For those fleeing war and conflict to Canada, opening a bank account and obtaining a credit card pose challenges

Jalal Nazari at Massey College in Toronto on August 16.Tijana Martin/The Globe and Mail

Zamir Saar arrived in Canada from Ukraine last November and needed to open a new bank account. But since he didn’t know how the banking system works and which bank offers the best credit products, he relied on YouTube videos and friends for advice when deciding what type of account or which bank to choose.

“I still can’t figure out how the banking system works here,” Saar said. “I asked my bank and some of my friends for a guide, because you need this information to make many decisions, including financing a house or a car.”

Mr. Saar is not alone. Newcomers to Canada often have difficulty navigating an unfamiliar banking system and understanding the myriad of product options, and may find themselves stuck when opening a new bank account, building up credit and meet the documentation requirements of a financial institution.

Following the end of provincial COVID-19 restrictions, Canada is experiencing an influx of immigrants, with refugees from Afghanistan and Ukraine, as well as international students and foreign workers, making up a significant portion of new arrivals.

A new survey from the Bank of Nova Scotia found that newcomers identified high rental costs, getting the right documents and IDs, buying a mobile phone and credit card credit and finding a job as common challenges they face soon after arriving in Canada.

“Moving to a new country is such a big challenge and getting settled financially can be one of the important things they can do so they can increase their chances of financial success,” said Tracy Gomes, senior vice president of the retail customer value at Scotiabank.

Ms Gomes said newcomers often lack adequate knowledge about the financial system and are vulnerable to financial fraud.

Enoch Omololu, founder of Savvy New Canadians, a personal finance website, said newcomers aren’t going to the right banks or asking the right questions about the best accounts.

“A good example is opening a credit card account that requires you to put down a deposit of $1,000 or more in order to have a secured credit card,” he said. “It can be a challenge because you can’t use the deposit for two years.”

Jalal Nazari, an Afghan refugee, said resettlement agency Polycultural Immigrant and Community Services helped him open a new bank account and provided credit card details when he arrived in the country.

A month after opening the account, Mr. Jalal decided to get a credit card.

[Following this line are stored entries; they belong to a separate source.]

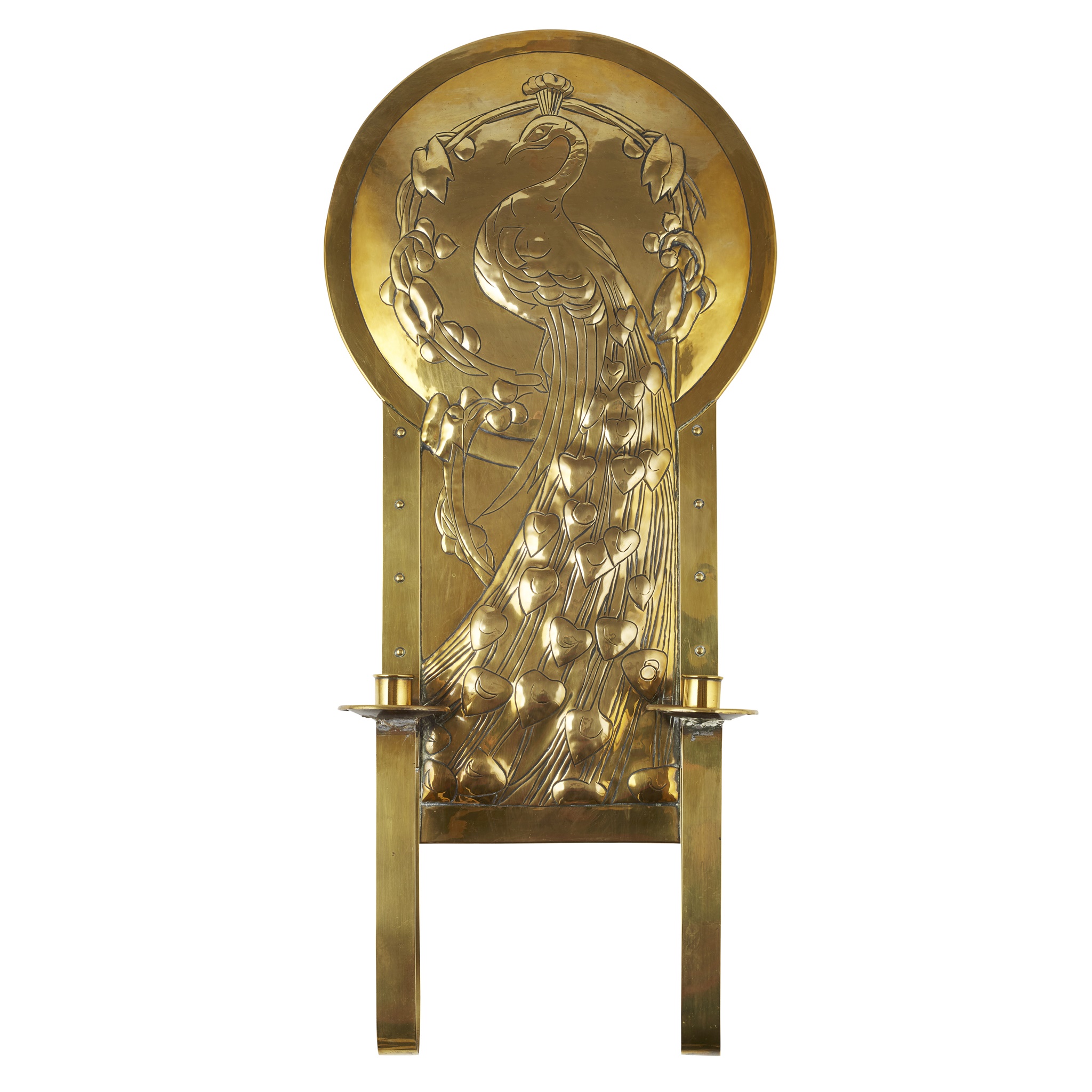 repoussé decorated with a peacock amongst stylised foliage, with twin applied candle arms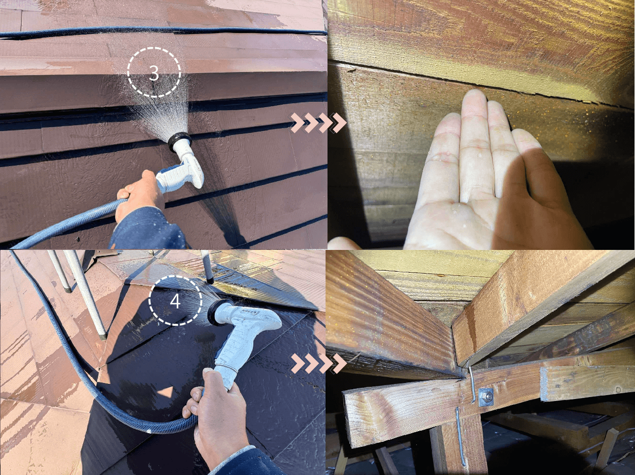◆雨漏り調査・・・散水箇所③~④へと進めて行きます。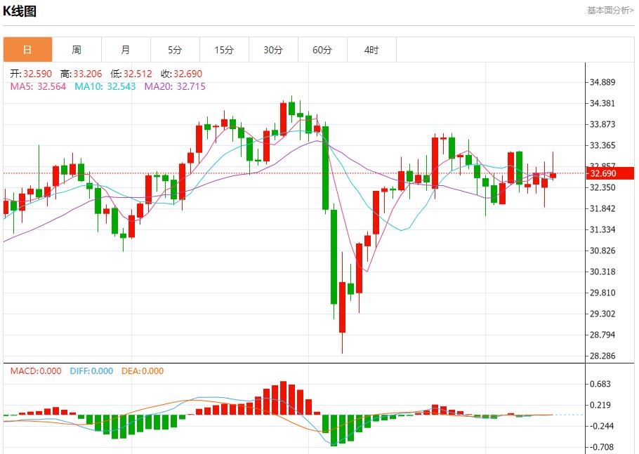 現貨白銀:截止北京時間20:18,現貨白銀上漲,現報32.688,漲幅0.34%。紐市盤前,(白銀)價格在最近的盤中交易中上漲,超過了EMA50的負面壓力,並受到(RSI)積極信號出現的支持,儘管其達到了超買水平,同時其交易伴隨著短期基礎上的看漲修正偏差。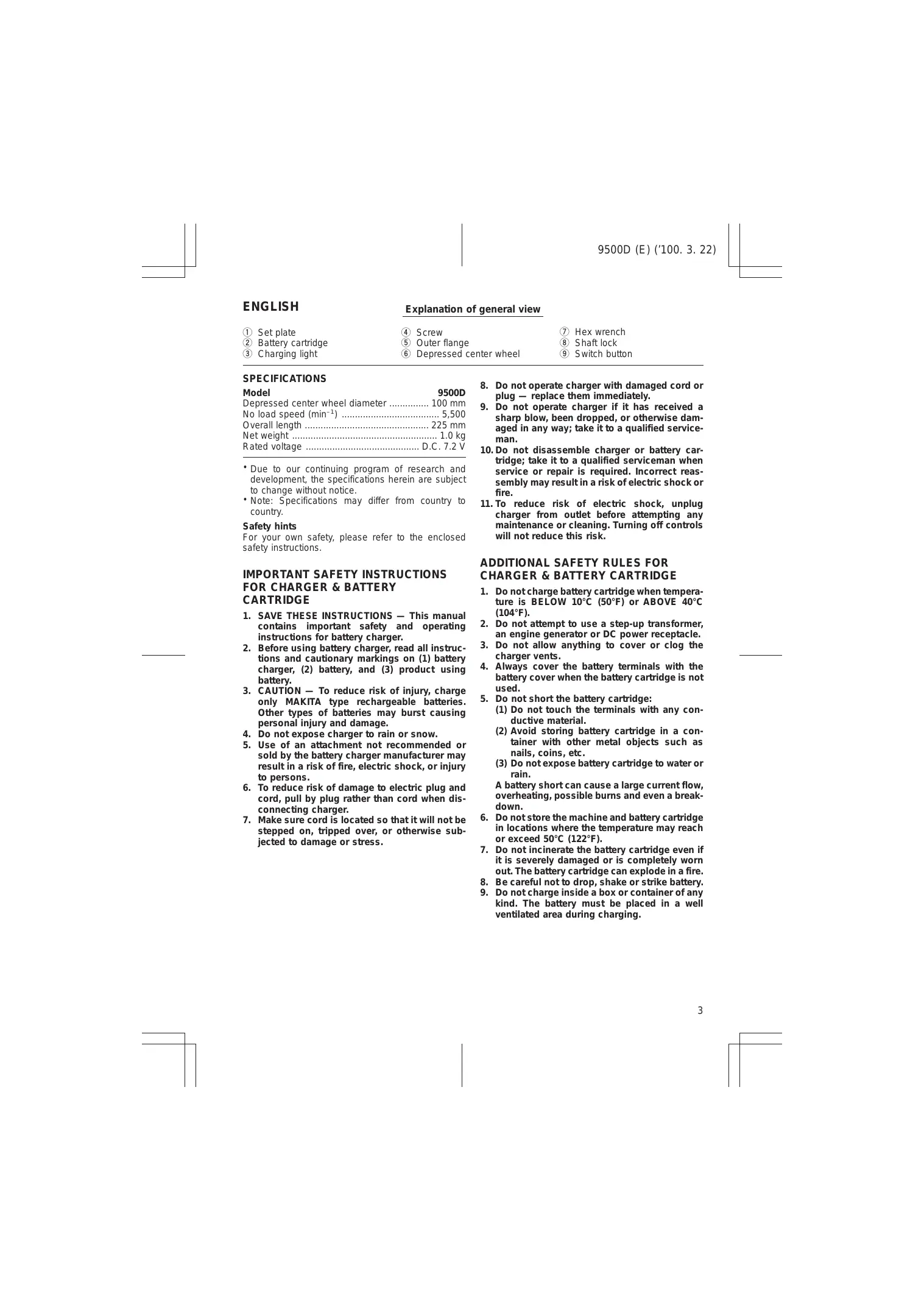SPECIFICATIONS Model 9500D Depressed center wheel diameter 100 mm –1 No load speed (min ) 5,500 Overall length 225 mm Net weight 1.0 kg Rated voltage D.C. 7.2 V • Due to our continuing program of research and development, the specifications herein are subject to change without notice. • Note: Specifications may differ from country to country. Safety hints For your own safety, please refer to the enclosed safety instructions.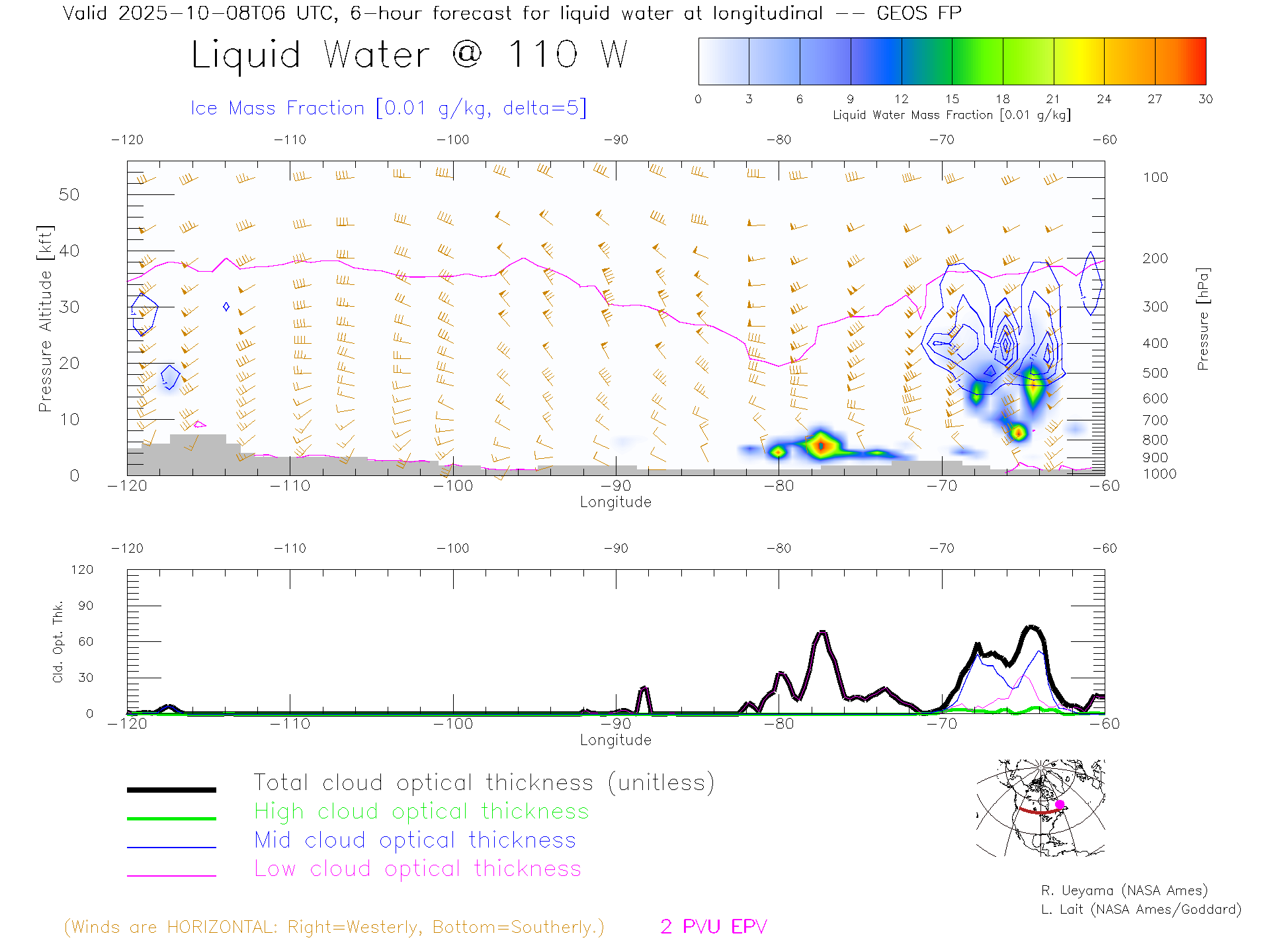 GEOS Forecast Cloud Water Content X-Section (50 N)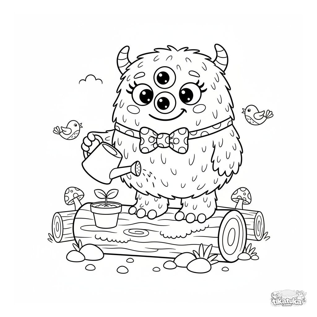 Página para colorir para crianças de 4-6 anos: um monstro felpudo amigável com três olhos rega um pequeno broto em um vaso.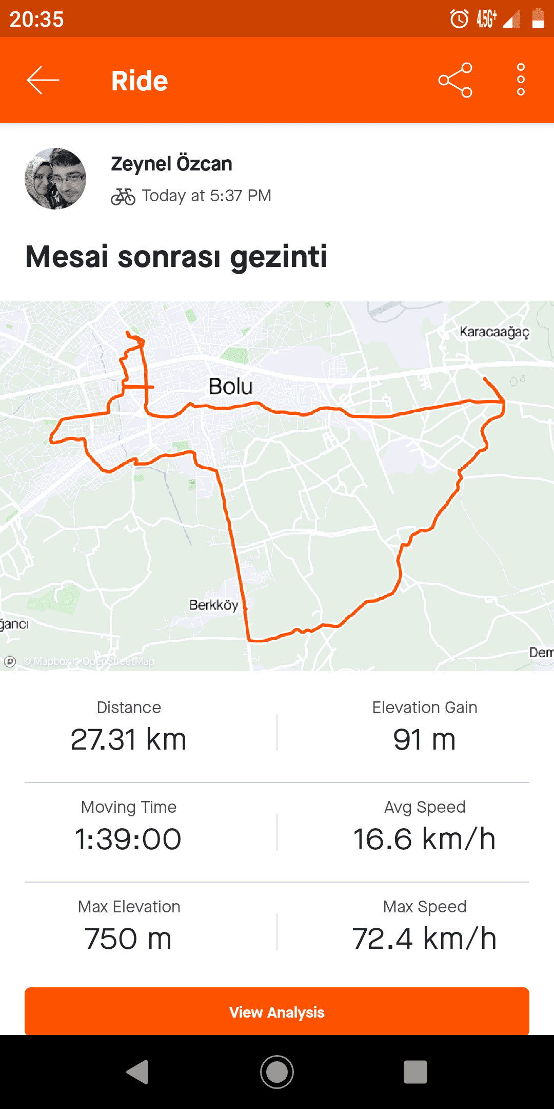 Bugün iş çıkışı ufak bir tur yaptım. 50 km'ye tamamlayacaktım aslında ama yağmur bastırdı.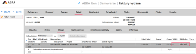 Může se stát, že odběrateli potřebujeme zaslat fakturu, která obsahuje jeden řádek se zbožím s režimem přenesení daňové povinnosti a jeden řádek ve standardním režimu s DPH. Zadání dokladu do systému ABRA Gen by pak vypadalo následujícím způsobem, tedy pro jeden řádek by byl nastaven režim DPH s hodnotou 1 - Přenesení (PDP) a druhý s hodnotou 0 - S daní (DPH):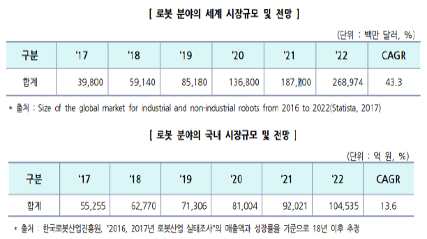 - 세계 로봇 시장 규모는 2017년 398억 달러에서 연평균 43.3 %씩 증가하여 2022년 2,690억 달러에 도달할 전망.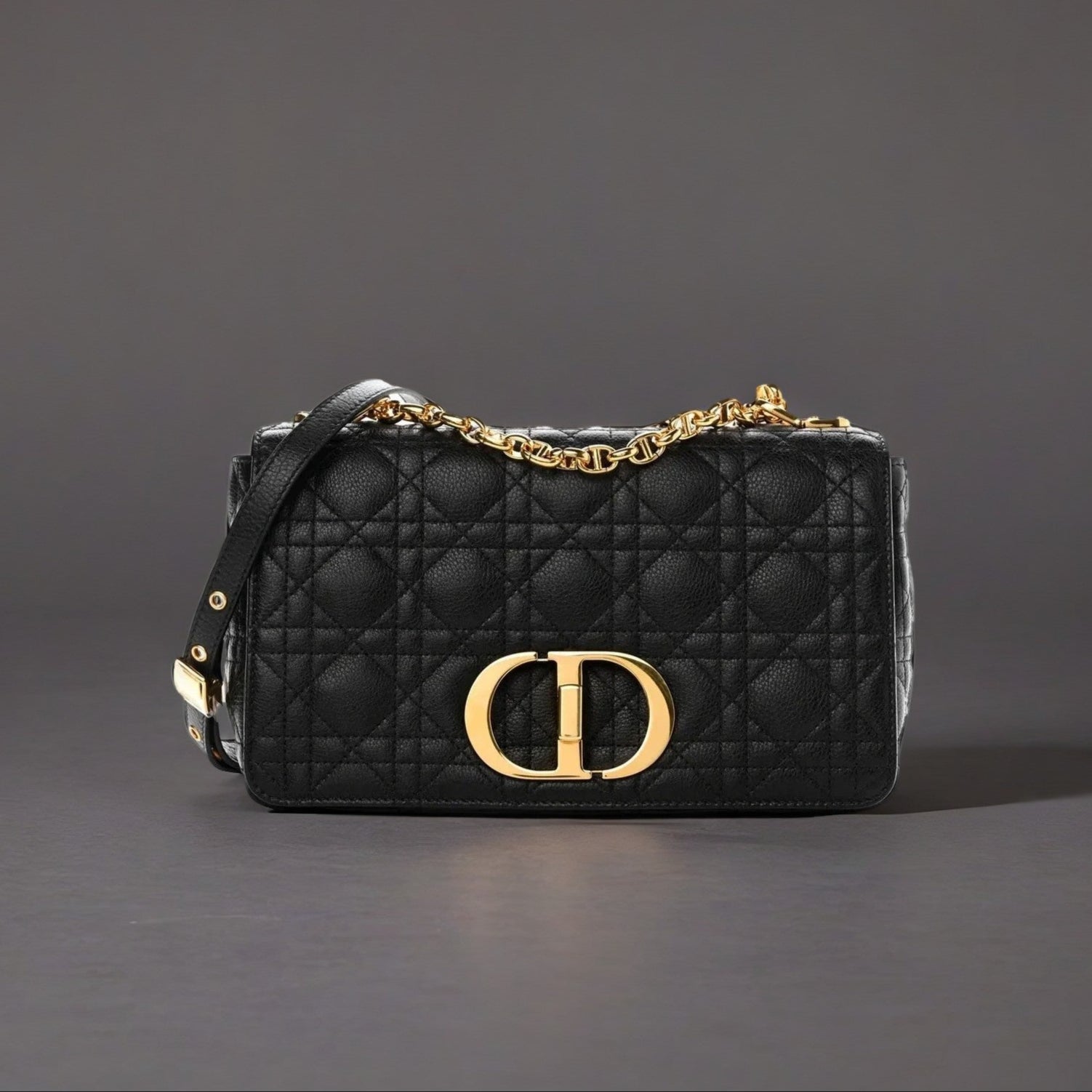 This is an authentic CHRISTIAN DIOR Calfskin Cannage Medium Caro Bag in Black. This flap bag is finely crafted in black. The bag features a gold chain and leather shoulder strap, a rear pocket, and a gold turn lock. This opens to a black leather interior with zipper and patch pockets.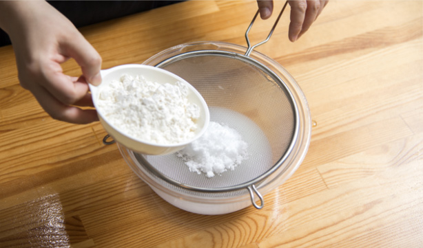 ❶に上白糖と薄力粉をふるい入れ、ダマにならないように泡だて器でよく混ぜる。ラップをして冷蔵庫で15分から30分ほど休ませる。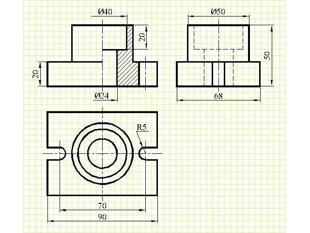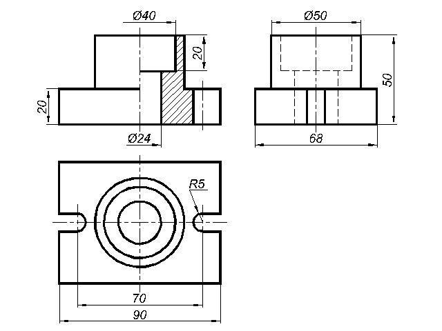 Сделайте три вида, на месте главного вида, соедините половину вида и половину разреза.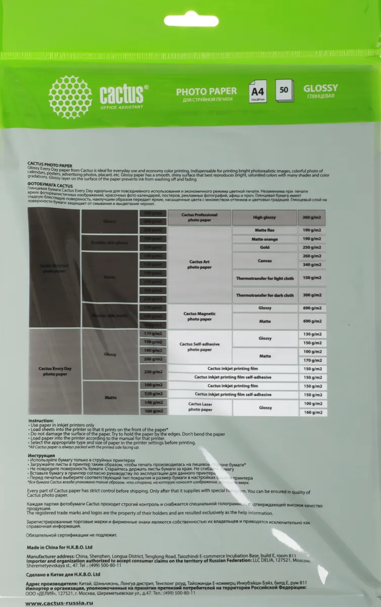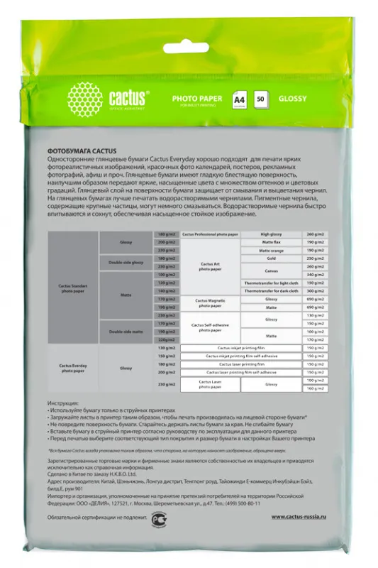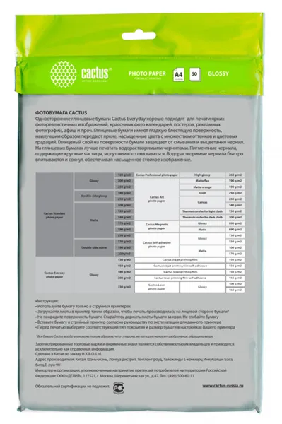 Фотобумага Cactus CS-GA415050ED A4/150г/м2/50л./белый глянцевое для струйной печати (CS-GA415050ED)

A customer representative from the bank provided him with financial information on the various options available and suggested that he upgrade to a student credit card, which offers more benefits.

Mr. Jalal noted that it would have been a difficult process as he had no idea which option or which bank was better.

Jalal Nazari is an Afghan refugee.Tijana Martin/The Globe and Mail

Mr. Omololu said that instead of choosing online banking, newcomers can start with traditional banks, as some of them offer personalized offers, including accounts with no monthly fees for one year. He said it would give them time to learn how the system works.

Ms Gomes said Scotiabank supports organizations and non-profits that help newcomers, providing them with the tools and resources to overcome the financial challenges they face and increase the opportunities they have. in education, employment and adaptation to a new environment and a new means of subsistence.

When Mr. Saar started looking for an apartment, landlords asked him to provide a credit history. Since he didn’t have a credit card, he was asked to pay a six-month deposit before he could find an apartment.

Scotiabank’s survey found that despite saving money to cover credit card expenses, required documentation and immigration status meant newcomers were often limited to entry-level cards with limits minimum credits that were insufficient for the initial expenses, especially for those arriving with a family.

The survey, which was based on in-depth interviews and focus group discussions, highlights newcomers’ need for financial literacy, knowledge of credit products and how to obtain credit, access to online banking, credit card options and fraud alertness early in life. in Canada.

Ms Gomes said her bank also provides advice to newcomers so they can protect themselves against fraud or phishing scams, explaining that fraudsters often disguise themselves or pretend to work for reputable organisations, banks or companies to steal personal information. commit a crime.

“There are certain details that their banks will never ask them to provide, such as sending an email with a clickable link to access their accounts or products,” Ms Gomes said. “We want them to know some of these things and this awareness helps them know that this is not common practice in the banking system and that they should avoid it.”

Two weeks ago Mr Saar finally got a credit card and admits he is still learning the credit system and how to make transfers from his debit account to his credit account.

“A friend of mine who lived here was able to explain some of these things to me,” he said. “Everyone needs this kind of support to help them settle in once they’ve moved to a new place.”